Verdeling van het onverdeelde land
1 En de ganse vergadering van de kinderen Israëls verzamelde zich te Silo, en zij richtten aldaar op de tent der samenkomst, nadat het land voor hen onderworpen was.
2 En er bleven over onder de kinderen Israëls, aan wie zij hun erfdeel niet uitgedeeld hadden, zeven stammen.
3 En Jozua zeide tot de kinderen Israëls: Hoe lang houdt gij u zo slap, om voort te gaan, om het land te beërven, dat de Heere, de God uwer vaderen, u gegeven heeft?
4 Geeft voor u drie mannen van elke stam, dat ik ze heenzende, en zij zich opmaken, en het land doorwandelen, en het beschrijven naar hun erven, en weer tot mij komen.
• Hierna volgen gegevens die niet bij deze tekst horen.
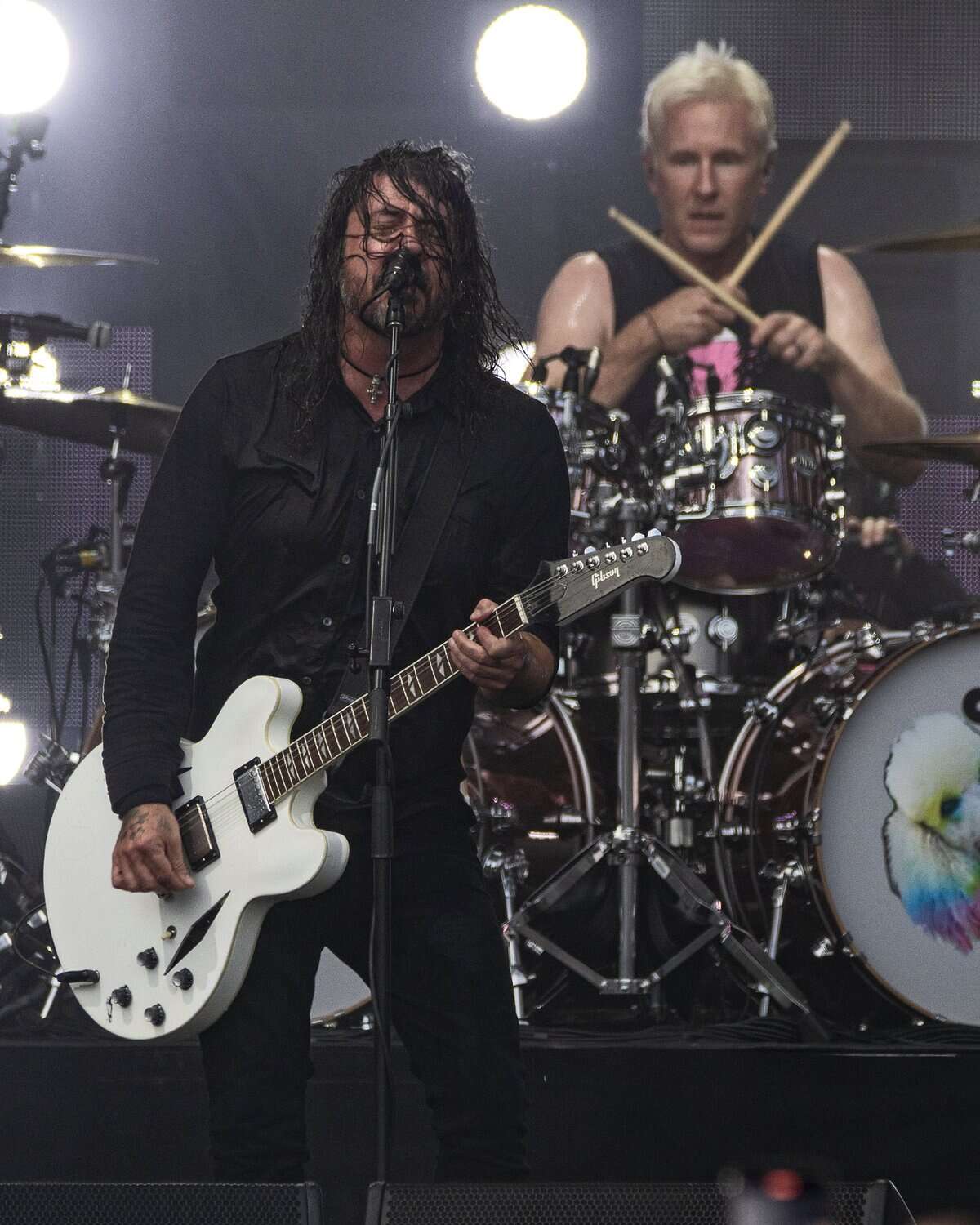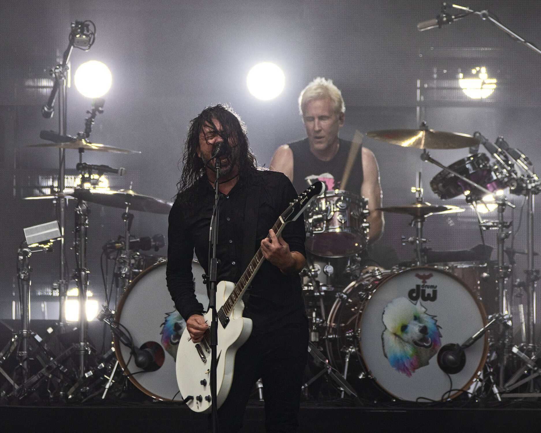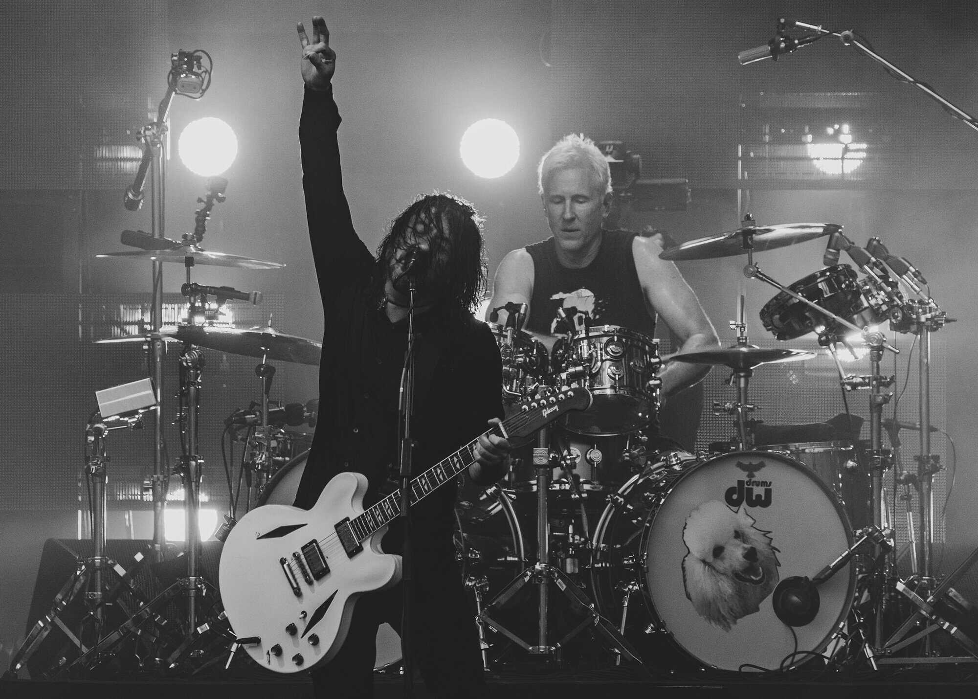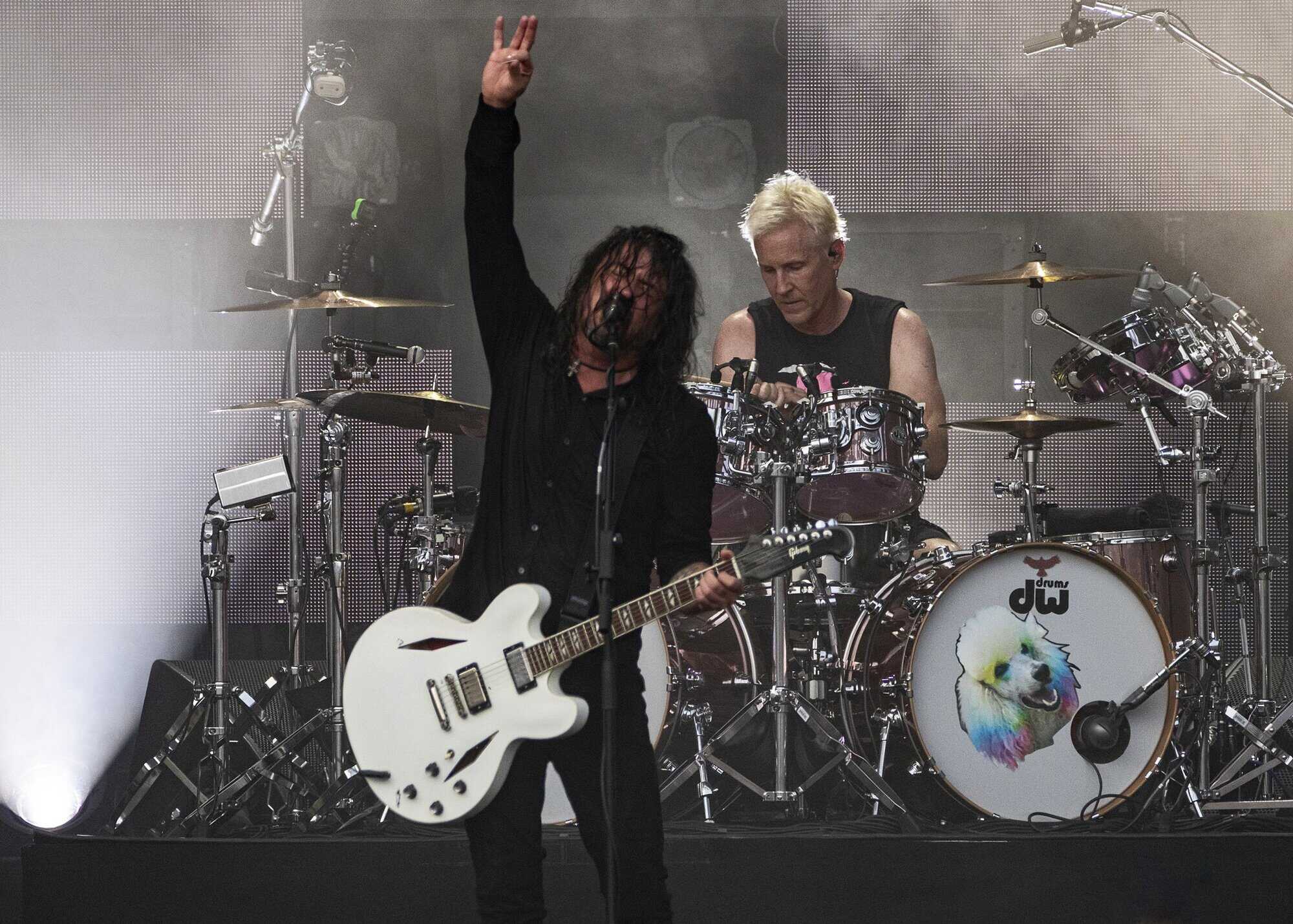 guitarists Chris Shiflett and Pat Smear, keyboard player Rami Jaffee, Nate Mendel on bass and Josh Freese, taking over for the late Taylor Hawkins on drums.
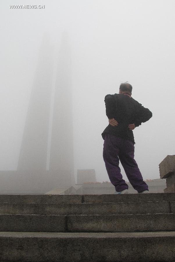 Wang Jiang, 78, dose morning exercises at a smog-shrouded square in Tangshan City, north China's Hebei Province, Oct. 25, 2014. (Xinhua/Zheng Yong)
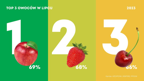 W lipcu najpopularniejszym owocem były jabłka, truskawki i czereśnie. Owoce każdego z tych gatunków jadło przynajmniej 2 na 3 Polaków.
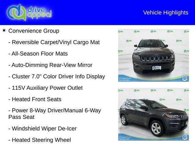 Clean CARFAX. 2021 Jeep Compass Granite Crystal Metallic Clearcoat Latitude 4WD 9-Speed 948TE Automatic 2.4L I4 **COMES WITH FREE 90 DAY/3,000 MILE ALLSTATE LIMITED WARRANTY**, 4WD, 115V Auxiliary Power Outlet, 4-Way Power Lumbar Adjust, All-Season Floor Mats, Auto-Dimming Rear-View Mirror, Cluster 7.0 Color Driver Info Display, Convenience Group, Heated Front Seats, Heated Steering Wheel, Power 8-Way Driver/Manual 6-Way Pass Seat, Remote Start System, Reversible Carpet/Vinyl Cargo Mat, Windshield Wiper De-Icer.**PERFECT CAR FAX** 22/30 City/Highway MPGGreat Customer Service!
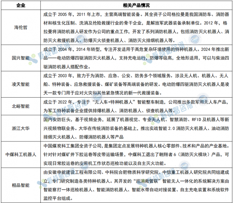 中國市場的大部分消防機器人企業,主要可以分為兩大類,一類是綜合性特種裝備企業,致力于開發各種特種裝備,消防機器人是其產品線之一,這類企業通過規模較大,具備雄厚的資金實力;二是專業型消防機器人企業,這類企業專注于消防機器人的研發和生產,一般成立時間較短,但具有較強的創新能力和市場敏銳度。
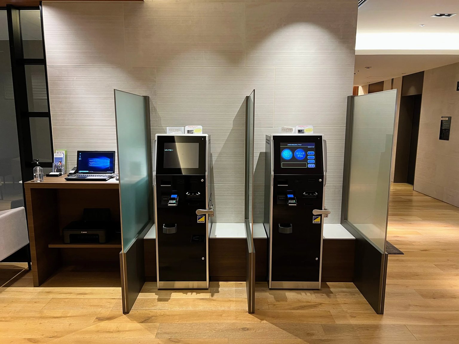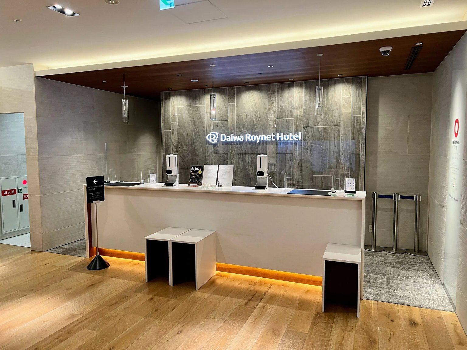 The front desk is on the 2nd floor of the building. The front desk is similar in design to other Daiwa Roynet hotels, and there were two self-check-in machines available.
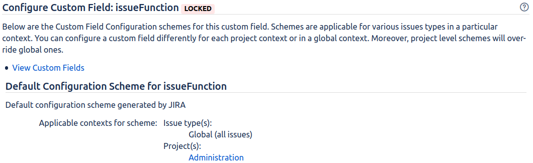 I recently encountered a Jira instance with ScriptRunner installed, where there issueFunction custom field provided by ScriptRunner was not available to all users. The error was |
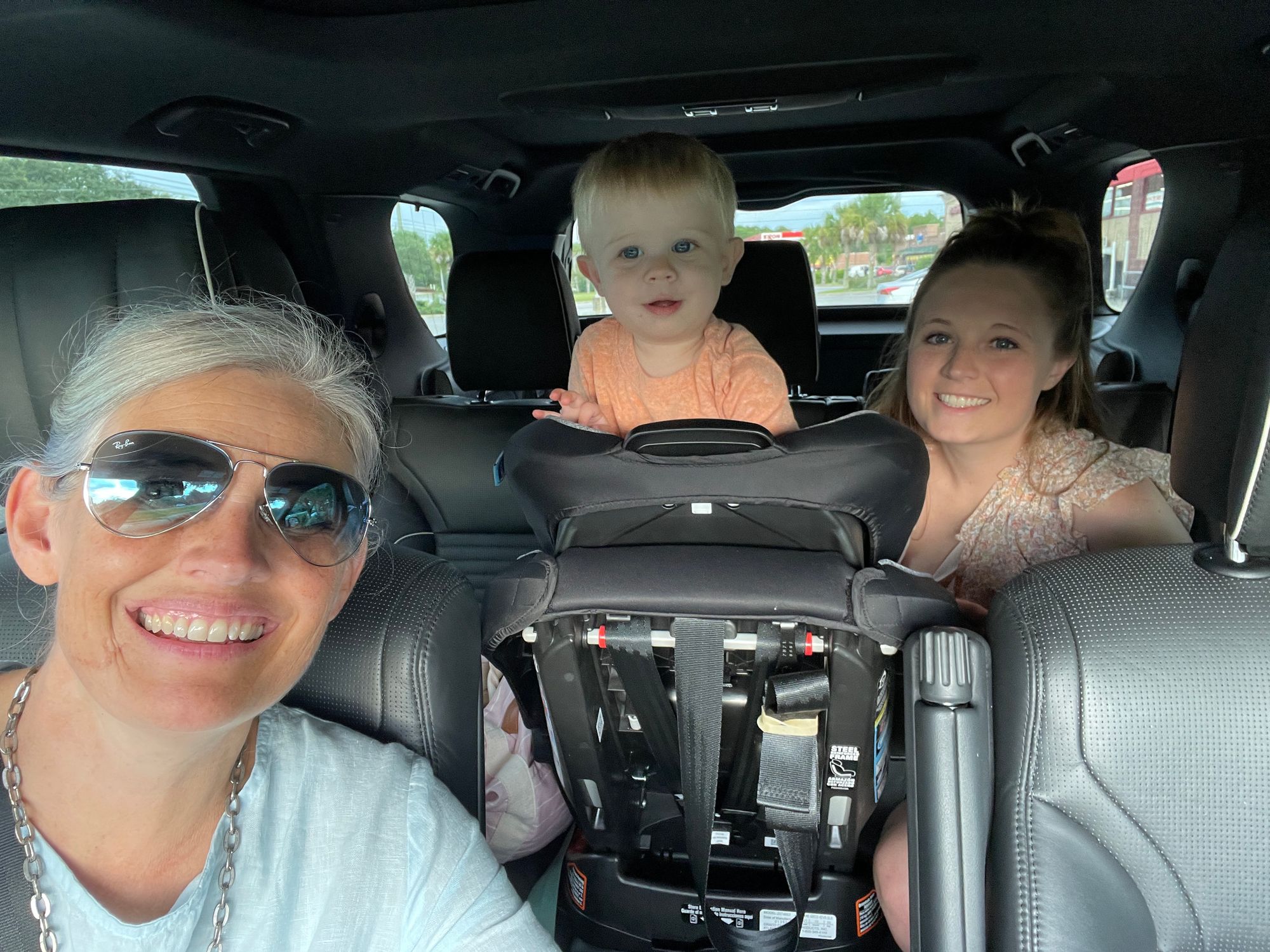 We started our drive to the airport in a huge rain storm... It's about an hour and fifteen minutes. By the end of it Benson was DONE!
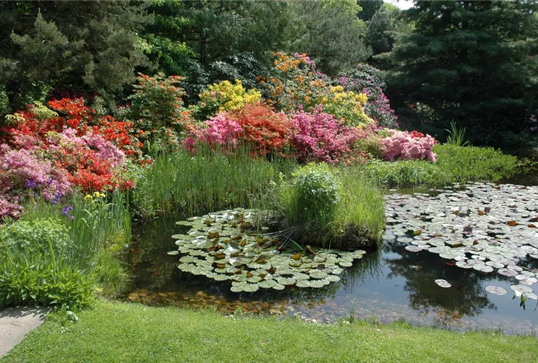 Wer den Blick etwas weiter weg vom Teich richtet, kann den Garten dort nach den ganz eigenen Wünschen und Vorstellungen gestalten. Denn abseits der Feuchtzonen fühlen sich alle Gartenpflanzen wieder wohl. So kann man im Hintergrund Laubgehölze wie Weide, Schneeball, Azaleen oder Acer pflanzen. Wichtig ist nur, dass die unterschiedlichen Ansprüche der Pflanzen an die Lichtverhältnisse und an den Boden gegeben sind. Übrigens haben Zonen am Teich noch einen weiteren Vorteil, nicht nur für Wasserpflanzen im Garten: In der sogenannten Kapillarsperre, also die Zone unmittelbar im Teichrand, können die Pflanzen im Sommer mit ihren Wurzeln das Wasser aus dem Teich ziehen. Damit wird ein übermäßiges Gießen überflüssig und die Pflanzen profitieren sogar von ihrem Platz am kühlen Nass. Praktisch oder? Egal, für welche Pflanzen man sich als Teichbesitzer entscheidet: Die Auswahl für Kombinationen mit Wasserpflanzen im Garten ist nahezu unendlich und für jeden Geschmack finden sich die passenden Kandidaten. Und nach dem Einpflanzen? Da kann man sich ganz entspannt auf die Gartenbank zurückziehen, Pflanzen und Fische beobachten und die eigene kleine Wohlfühloase genießen, die man sich selbst geschaffen hat.
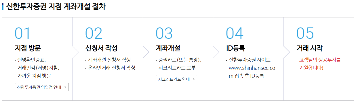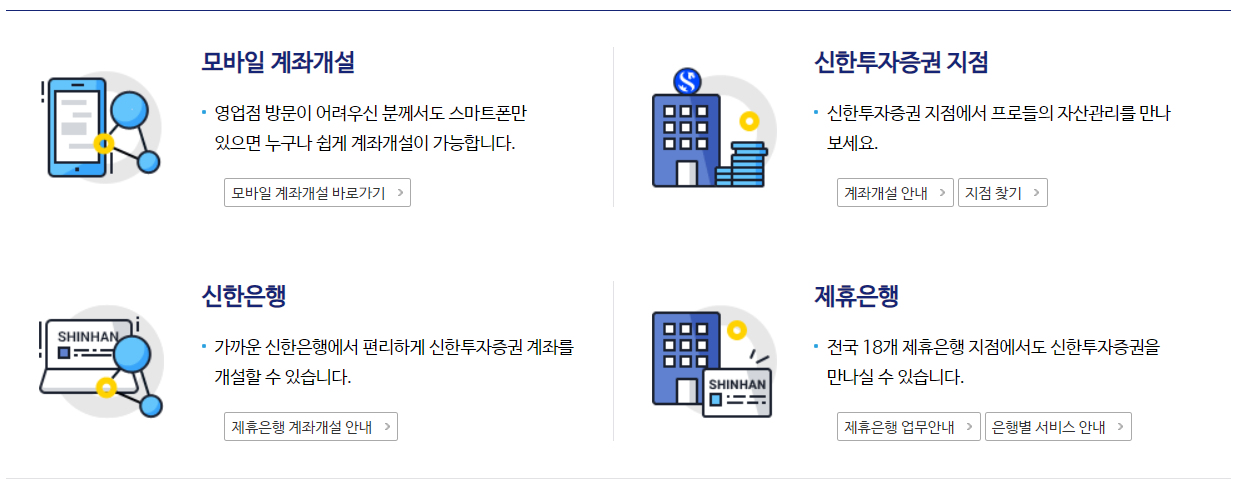 신한투자증권 지점방문 계좌개설은 신분증과 도장 (요즘은 서명으로도 됩니다)을 가지고 가까운 지점에 방문하시면 됩니다. 아래 지점방문 계좌개설 안내 페이지 링크와 지점찾기 페이지 링크 연결해 두었습니다.

5 Zij nu zullen het delen in zeven delen; Juda zal blijven in zijn gebied van het zuiden, en het huis van Jozef zal blijven in zijn gebied van het noorden.
6 En gij zult het land beschrijven in zeven delen, en tot mij hierheen brengen, opdat ik voor u het lot hier werpe voor het aangezicht van de Heere, onze God.
7 Want de Levieten hebben geen deel in het midden van u; maar het priesterdom des Heeren is hun erfdeel. Gad nu, en Ruben, en de halve stam van Manasse, hebben hun erfdeel genomen op gene zijde van de Jordaan, oostwaarts, dat hun Mozes, de knecht des Heeren, gegeven heeft.
8 Toen maakten zich die mannen op, en gingen heen. En Jozua gebood hun, die heengingen om het land te beschrijven, zeggende: Gaat, en doorwandelt het land, en beschrijft het; komt dan weer tot mij, zo zal ik u hier het lot werpen, voor het aangezicht des Heeren, te Silo.
9 De mannen dan gingen heen, en trokken het land door en beschreven het, naar de steden, in zeven delen, in een boek; en kwamen weer tot Jozua in de legerplaats te Silo.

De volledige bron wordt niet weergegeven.